According to our by-laws, the Sierra Club is a representative democracy. Members elect directors, group executive committees, and, indirectly, chapter executive committees. Do we wish to modify this fundamental aspect of our operations?

These elected bodies set broad policy and delegate to appointed groups of volunteer leaders broad discretion in implementing such policies. Should we shift our emphasis away from delegating this flexibility and move toward a more formal decision-making process with more frequent consultation with elected leaders on issues of strategy and tactics?

3. Internal vs. Community Focus

To what extent do we believe that we can implement our vision through the actions of our members alone? How much should we concentrate our energies on reaching broader communities and organizing campaigns around our goals? Do we wish to reaffirm our historic emphasis on public policy, and on influencing corporations and other large institutions. O r do we wish to move in the direction of an organization that educates, but does not seek to organize or mobilize the public?

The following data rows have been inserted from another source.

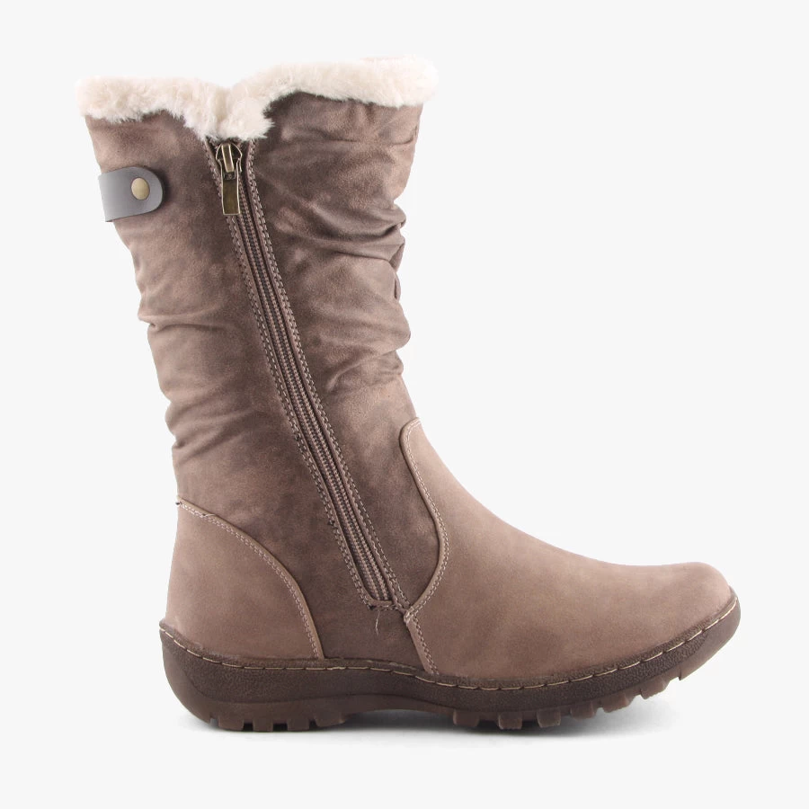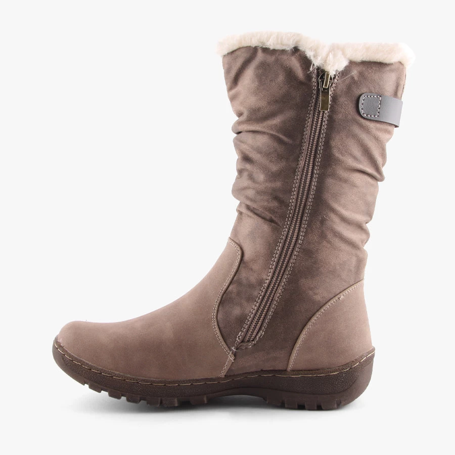 Goose by CC Resorts is a mid length woman’s boot that features a soft faux fur lining, comfortable flat sole and dual zips for easy wear.
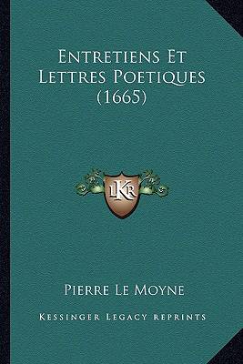 Entretiens Et Lettres Po�����tiques (1665) est un livre �����crit par Pierre Le Moyne. Cet ouvrage est une collection de lettres et d'entretiens po�����tiques qui ont �����t����� �����crits par l'auteur au cours de sa vie. Le livre est divis����� en deux parties: la premi�����re partie contient des lettres po�����tiques qui ont �����t����� �����crites ������ des amis et ������ des membres de la famille de l'auteur, tandis que la deuxi�����me partie contient des entretiens po�����tiques avec des personnages imaginaires.Les lettres po�����tiques sont des po�����mes qui ont �����t����� �����crits dans un style �����pistolaire. Ils sont adress�����s ������ des personnes sp�����cifiques et contiennent souvent des messages personnels et intimes. Les entretiens po�����tiques, quant ������ eux, sont des dialogues imaginaires entre l'auteur et des personnages fictifs. Ces dialogues sont souvent philosophiques et portent sur des th�����mes tels que l'amour, la mort, la nature et la religion.Dans l'ensemble, Entretiens Et Lettres Po�����tiques est un livre qui offre un aper�����u unique de la vie et de la pens�����e de l'auteur. Les po�����mes et les dialogues sont �����crits dans un style �����l�����gant et sophistiqu�����, ce qui en fait une lecture agr�����able pour les amateurs de po�����sie et de litt�����rature classique.This Book Is In French.This scarce antiquarian book is a facsimile reprint of the old original and may contain some imperfections such as library marks and notations. Because we believe this work is culturally important, we have made it available as part of our commitment for protecting, preserving, and promoting the world's literature in affordable, high quality, modern editions, that are true to their original work.
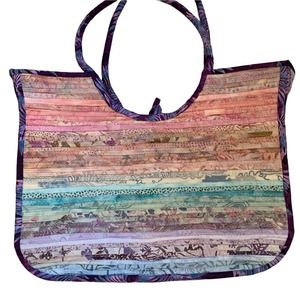 Soft multicolor hues of woven fabric make up this solid construction boho bag. Great for a Farmers Market. Dual handles. 1 button close. 2 inside pockets. Box bottom. NWOT.

4. Federation or Confederation?

Are we a confederation of chapters and groups, with the level of funding for each overwhelmingly driven by the number of members and funds raised locally? Or are we a national federation providing relatively comparable levels of service and program opportunity to each member through our chapters and groups?

Should we define a set of program opportunities that every chapter or group should strive to offer members? Or should we allow each chapter and group to define the meaning of Sierra Club membership on a location-by-location basis? Should we define the program we want each chapter and group to be able to offer, and provide the resources necessary to deliver those programs? Or should we allocate funds to chapters and groups based largely on their membership levels, so that each member has access to an equal dollar value in local program services?

5. 'Big Tent' or Political Party?

Is the Sierra Club a broad organization that is open, friendly and supportive of members who share our broad values and vision? A "big tent" approach requires that we establish strong internal norms of civility and respect. Or are we more like a political party, a quasi-public institution in which factions contend for control and a relatively hard-edged style of debate is tolerated?